Here’s what Refinitiv Eikon data is showing as of 10:25 a.m. ET for what credit markets are pricing in for the Bank of Canada’s overnight rate.

Meeting DateImplied RateBasis Points
12-Apr-234.423-5.89
7-Jun-234.246-23.59
12-Jul-233.9678-51.41
6-Sep-233.9444-53.75
25-Oct-233.9151-56.69
6-Dec-233.8187-66.32

Source: Refinitiv

The current Bank of Canada overnight rate is 4.5%. While the bank moves in quarter point increments, credit market implied rates fluctuate more fluidly and are constantly changing. And they are particularly volatile at the moment, with significant shifts from minute to minute.

As of this writing, the bond market suggests about a 40% chance of a Bank of Canada cut next month. By August, it’s pricing in a near certainly that there will be a cut.

A similar reassessment is underway over future moves by the Federal Reserve.

On Sunday, the U.S. administration took emergency steps to shore up banking confidence, guaranteeing deposits after withdrawals overwhelmed Silicon Valley Bank and closing under-pressure lender Signature Bank in New York.

But while stock futures rose in relief, bond markets opened in Asia with a furious race to re-price rate expectations on the thinking that the Federal Reserve can only be reluctant to hike next week while the mood is febrile and delicate.

“The market thinks that this is not just SVB (Silicon Valley Bank), but several banks. The sharp rise in policy rates and sovereign yields over the last year and a half has put a lot of banks under stress,” said Stan Shipley, fixed income strategist at Evercore ISI in New York.

“The consequence is that the outlook for rates is not going to be as high as previously thought. Last Wednesday, you had people thinking 6% (peak Federal Reserve funds rate) is a sure thing. I don’t think anybody thinks that now,” Shipley added.

Bank stress and the resultant shakeout of loan books mean higher borrowing costs, said Akira Takei, fixed income portfolio manager at Asset Management One in Tokyo, with the resulting pressure in the real economy making further hikes difficult.

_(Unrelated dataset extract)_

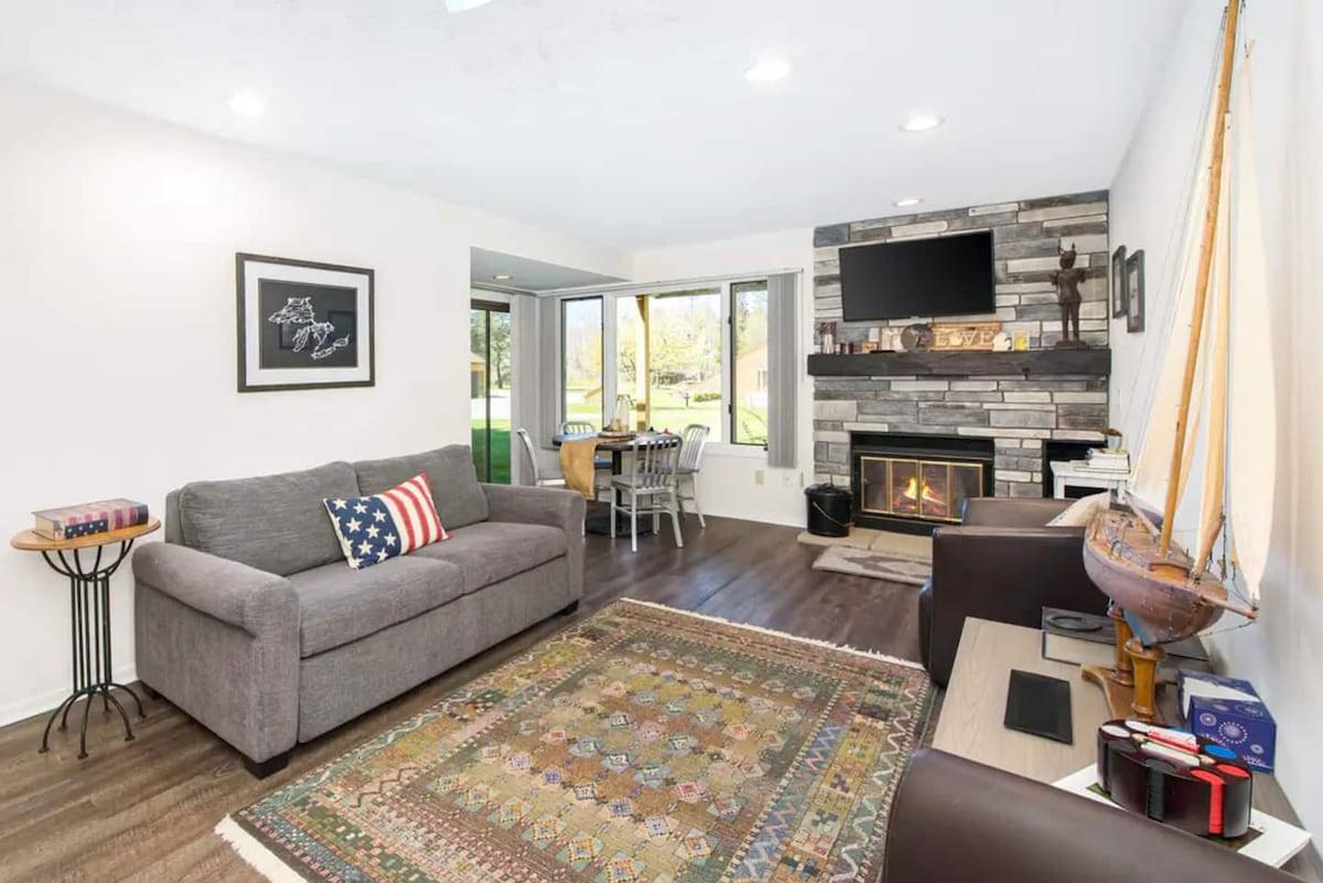 Tasteful "all seaons" main floor Northern Michigan condo with lake access. A private beach and many local activities await you. Perfect for up to 4 guests, with a fully equipped kitchen, comfortable living space, and near to everything. IMPORTANT: After booking you will receive a link to complete a Guest Registration form online for the condo association. Also, HOA rules do not allow bookings less than 8 days in advance of your arrival. Contact us if questions.

“If (U.S. Fed Chair Jerome) Powell lifts interest rates next week, he will jeopardize this situation,” he added. “If they don’t prioritise financial stability, it’s going to (breed) financial instability and recession.”

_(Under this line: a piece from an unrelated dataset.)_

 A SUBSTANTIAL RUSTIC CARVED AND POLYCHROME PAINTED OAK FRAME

A late-Sunday note from Goldman Sachs, in which the banks’ analysts said the banking stress meant they no longer forecast the Fed to hike rates next week gave the rates rally an extra leg in the Asia session.

At 4.05%, U.S. two-year yields are below the bottom end of the Fed funds rate window at 4.5% - a sign markets see rates’ peak is near.

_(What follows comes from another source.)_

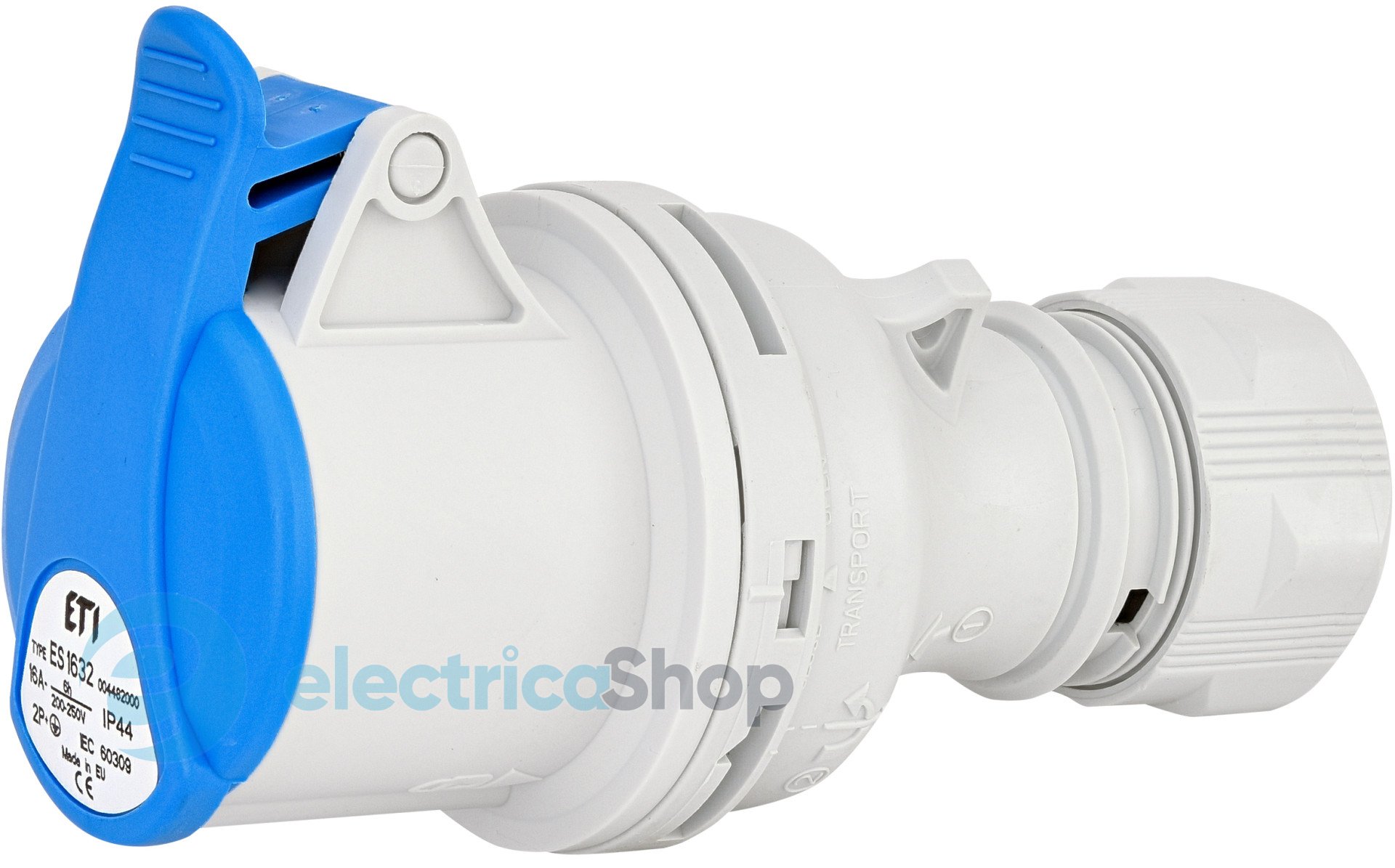 CEE Socket, ES 1632, Ступінь захисту IP IP44, Кількість полюсів 2+PE, Номінальний струм (A) 16, Номінальна напруга (В) 230, Тип розетка вилка Розетка кабельна, Максимальна сила струму 16 A, Сила струму відповідно до UL / CSA (для UL-виконання) A, Кількість полюсів 2 , Напруга відповідно до EN 60309-2 і колір 230 В (50+60 Гц) синя , Положення ключа в годинах / Орієнтація заземл. контакту (по цифербл. годинника) h, Маркувальне забарвлення Синій , Номер кольору Ral , Ступінь захисту IP IP44 , Спосіб підключення Гвинтова клема , Кут підключення Прямолінійний (-а) , Кабельний ввід Ущільнювальна гайка , Матеріал Пластик , Виконання для збройних сил

The latest futures pricing implies a near 40% chance the Fed stands pat next week and an 60% chance of a 25 bp hike - a huge shift from last week when markets braced for a 50 bp hike.

“I think people are linking Silicon Valley Bank’s problems with the rate hikes we’ve already had,” said ING economist Rob Carnell.

“If rates going up caused this, the Fed is going to mindful of that in futures,” he said. “It’s not going to want to go clattering in with another 50 (bp hike) and see some other financial institution getting hosed.”

Monday’s early moves also sharply pulled forward and pushed down market expectations for where rates peak. From about 5.7% on Wednesday, implied pricing for the peak in U.S. rates was testing 5% on Monday and year-end expectations - above 5.5% last week - tumbled to about 4.7%, a drop of some 80 basis points in days.